::: Dataset :::

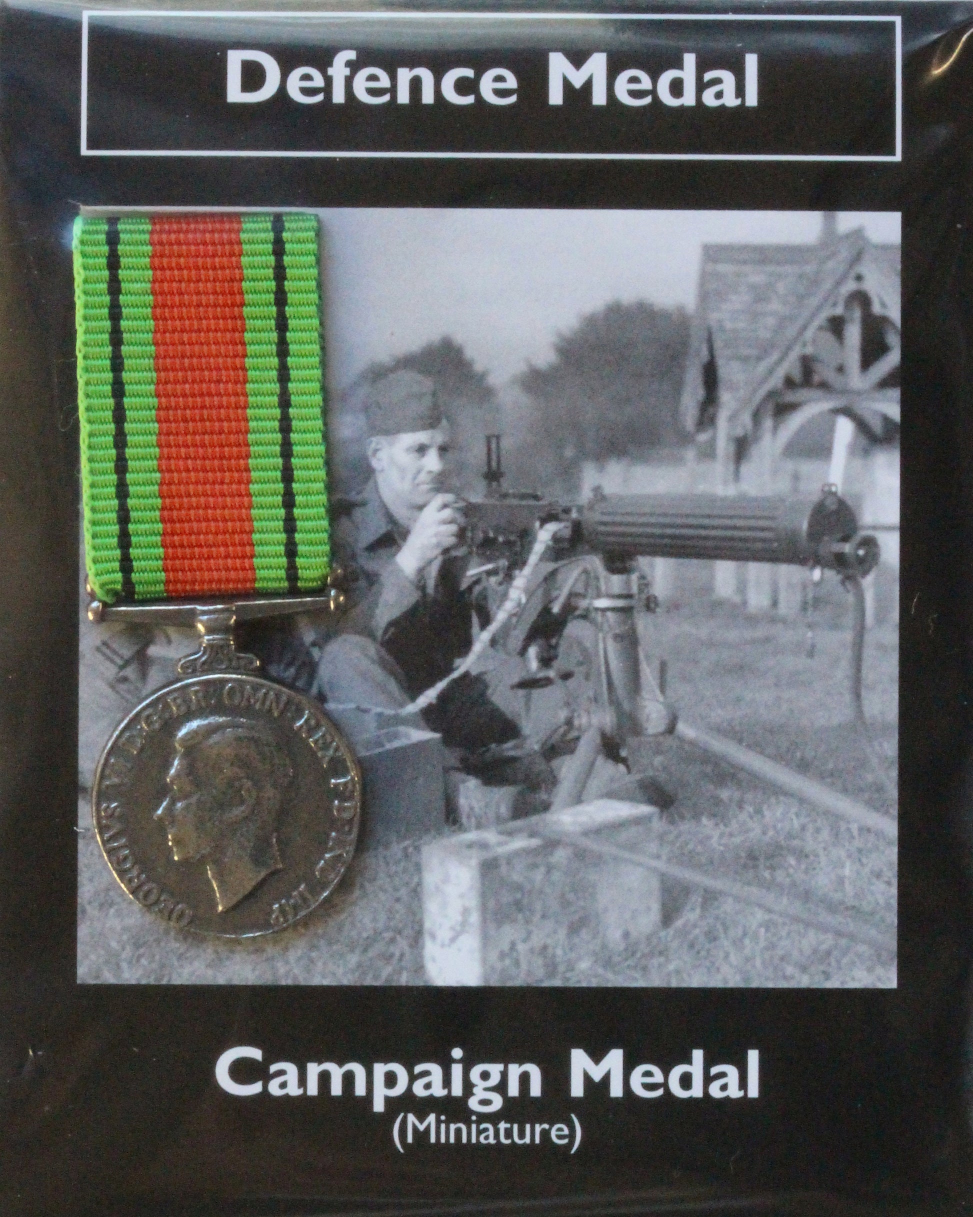 A miniature defence medal supplied with ribbon and mounted on a card. The information on the card describes how and when the medal would be awarded
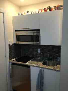 Recently renovated studio apartment on quiet street in Rittenhouse Square with nice hardwood floors. Kitchenette completed with granite counters, stainless steel microwave and fridge, and 2 burner stove-top. Nice bathroom with marble floors and white subway tiled shower/tub. Available for June, potentially available for earlier in May, inquire to hear more.
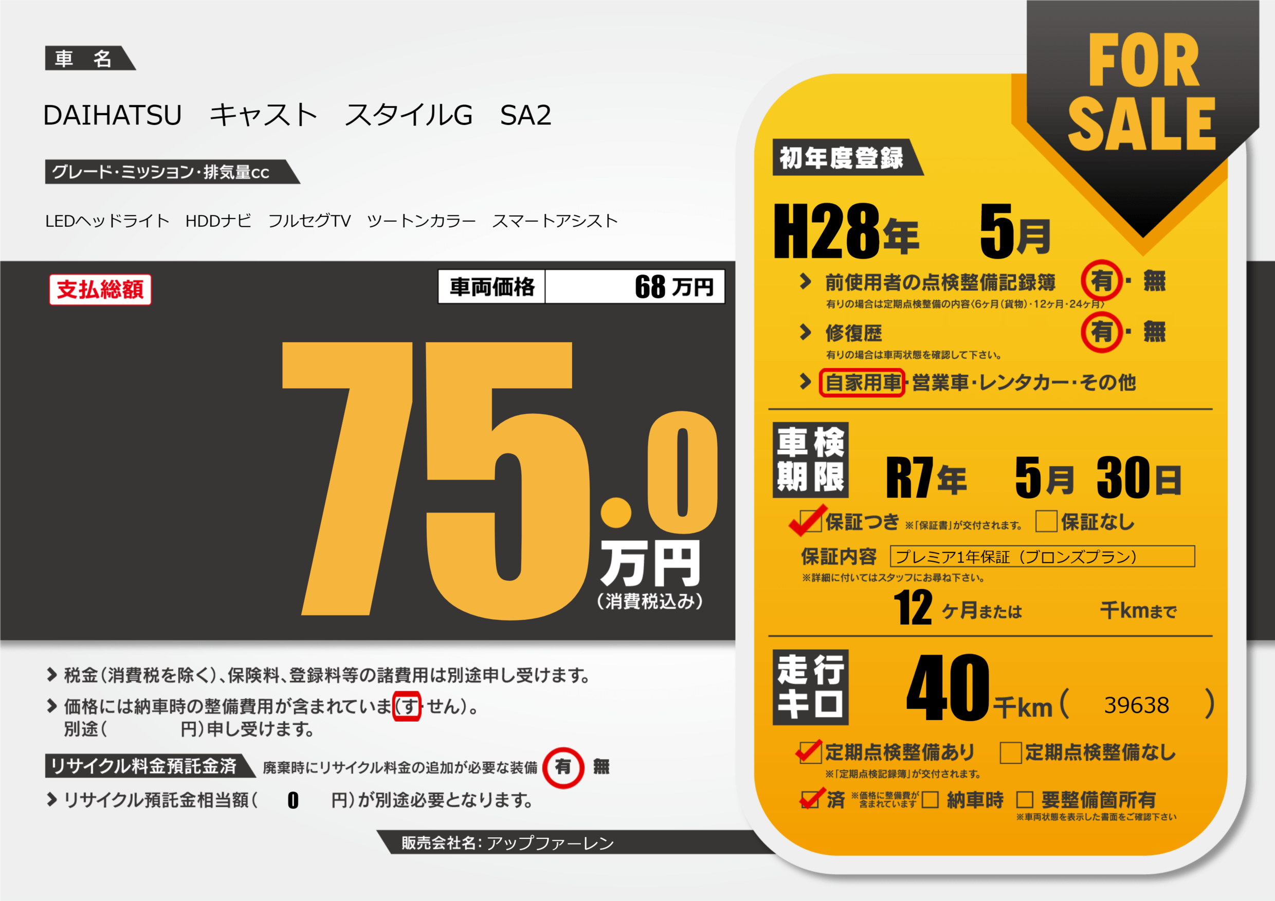 | 走行キロ | 4万km | 初年度登録 | H28年5月 |
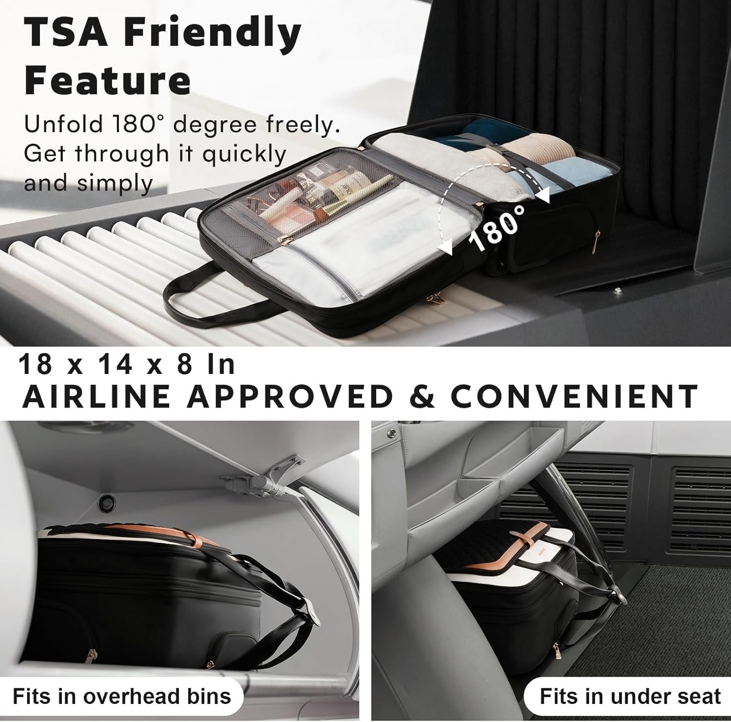 TSA-Friendly & Spacious Compartments: Rolling Computer Bag for women enjoy hassle-free airport with the TSA-friendly design, The size of the overnight bag with wheels is 17.5*13.7*7.0 inches (L*W*H). opening 180 degrees for quick security checks. The main compartment of this rolling briefcase for women for work features elastic bands with buckles for 2-3 days clothes. There’s also a separate padded laptop pocket, and organizational areas for pens, documents, Can also store paperwork, binder.
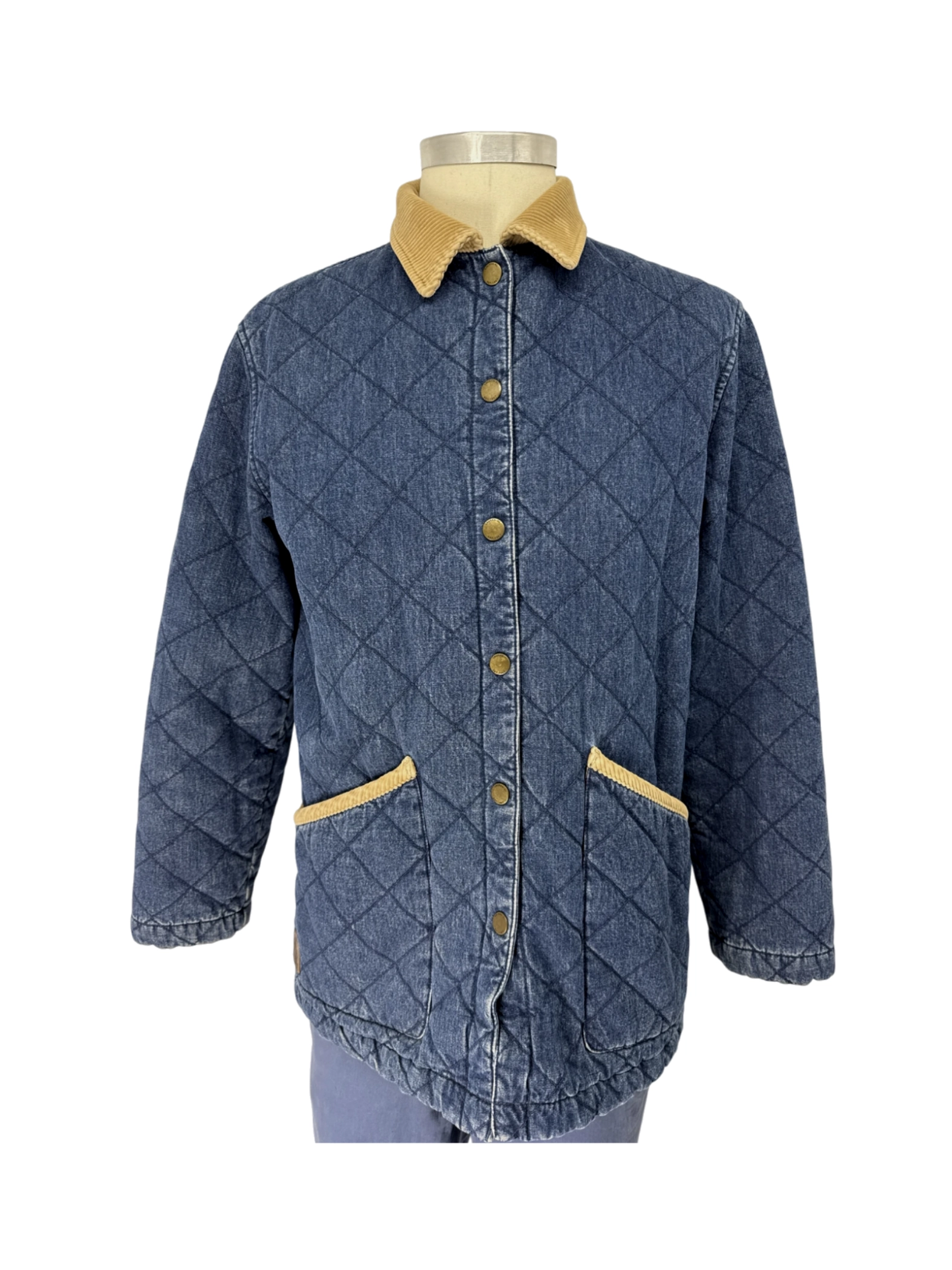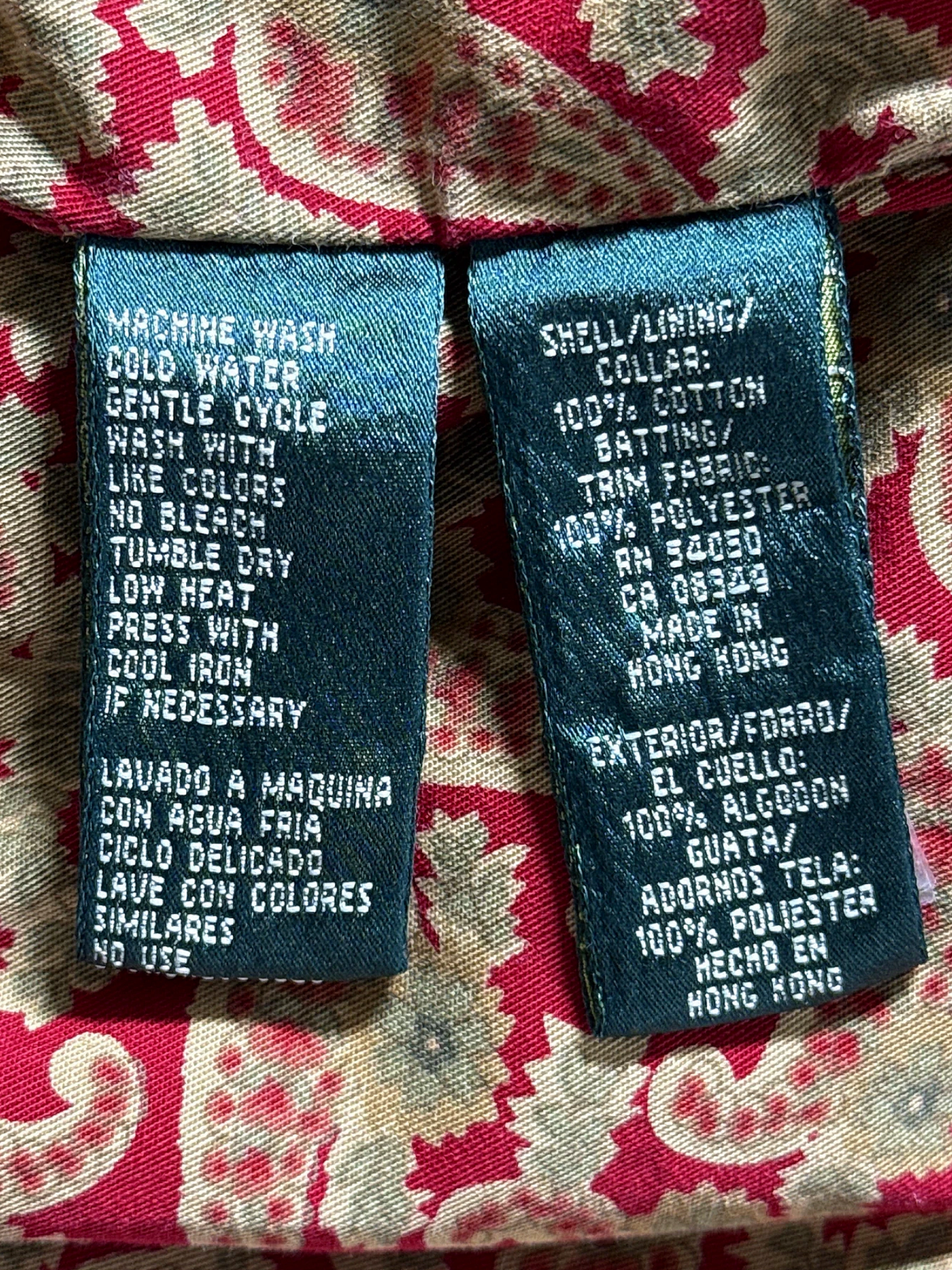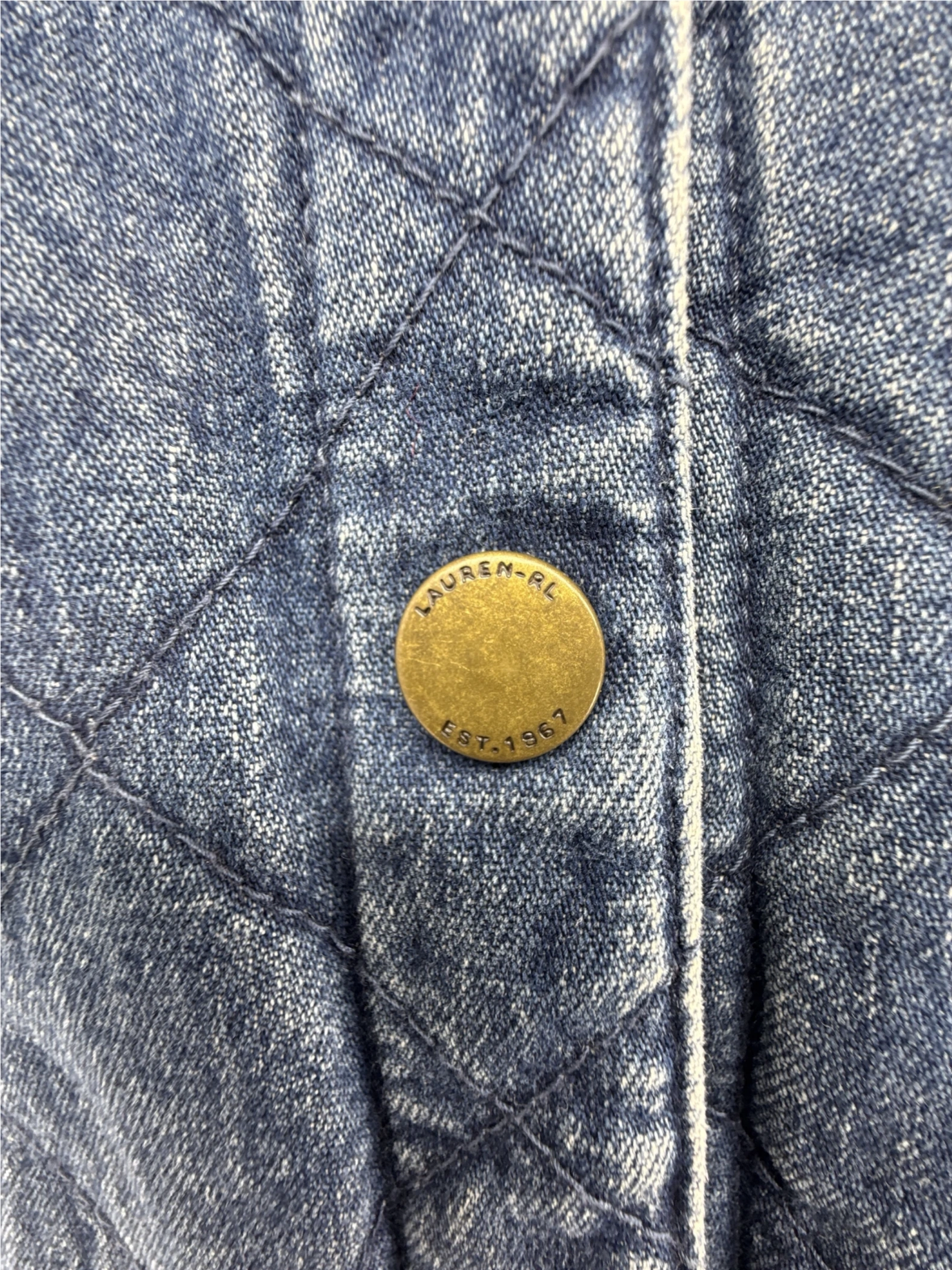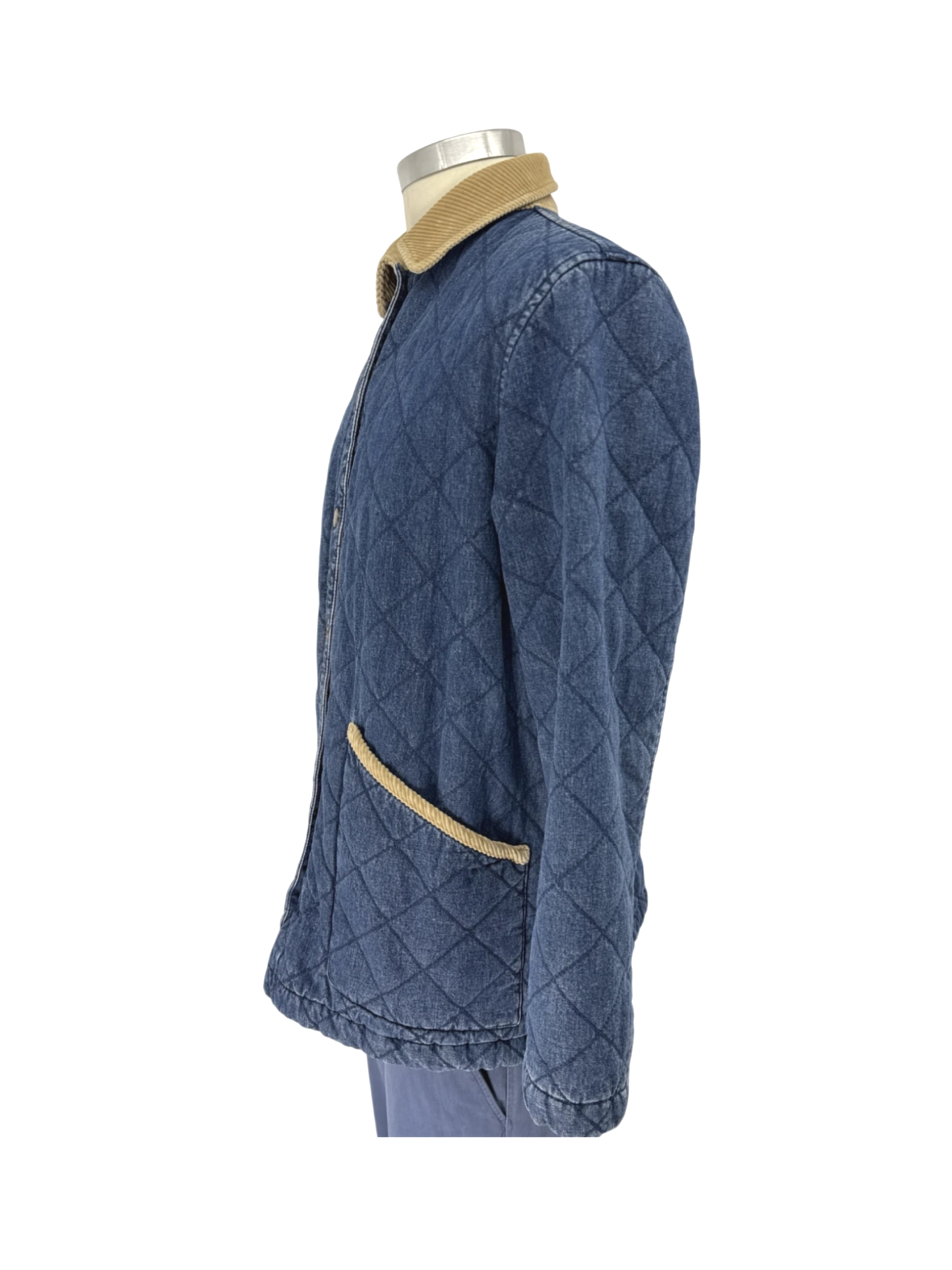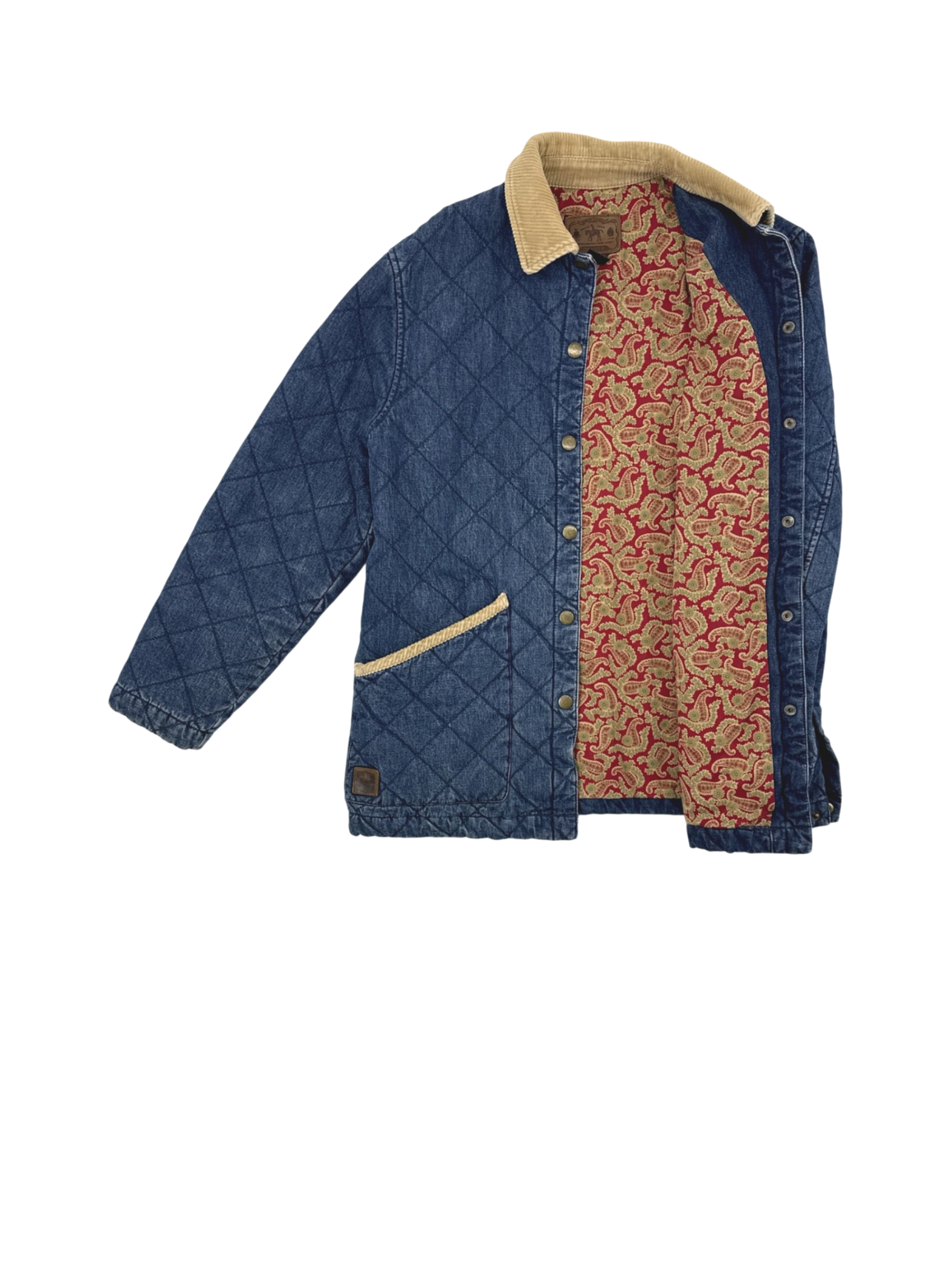 1990s Vintage Ralph Lauren Denim Jacket Paisley Lining Jean Jacket - This vintage Ralph Lauren jacket is a stylish and versatile addition to any wardrobe. Made from a durable cotton and polyester blend denim, it features a classic quilted design with a corduroy collar and unique paisley lining. This jacket is perfect for layering during the fall and winter seasons. With its timeless appeal and quality craftsmanship, it's a great find for those seeking a pre-owned, quality garment.

:::

Instructions for the task: Only the entries themselves should be output, word for word, with all pictures omitted.

Your response:
 A miniature defence medal supplied with ribbon and mounted on a card. The information on the card describes how and when the medal would be awarded
 Recently renovated studio apartment on quiet street in Rittenhouse Square with nice hardwood floors. Kitchenette completed with granite counters, stainless steel microwave and fridge, and 2 burner stove-top. Nice bathroom with marble floors and white subway tiled shower/tub. Available for June, potentially available for earlier in May, inquire to hear more.
 | 走行キロ | 4万km | 初年度登録 | H28年5月 |
 TSA-Friendly & Spacious Compartments: Rolling Computer Bag for women enjoy hassle-free airport with the TSA-friendly design, The size of the overnight bag with wheels is 17.5*13.7*7.0 inches (L*W*H). opening 180 degrees for quick security checks. The main compartment of this rolling briefcase for women for work features elastic bands with buckles for 2-3 days clothes. There’s also a separate padded laptop pocket, and organizational areas for pens, documents, Can also store paperwork, binder.
 1990s Vintage Ralph Lauren Denim Jacket Paisley Lining Jean Jacket - This vintage Ralph Lauren jacket is a stylish and versatile addition to any wardrobe. Made from a durable cotton and polyester blend denim, it features a classic quilted design with a corduroy collar and unique paisley lining. This jacket is perfect for layering during the fall and winter seasons. With its timeless appeal and quality craftsmanship, it's a great find for those seeking a pre-owned, quality garment.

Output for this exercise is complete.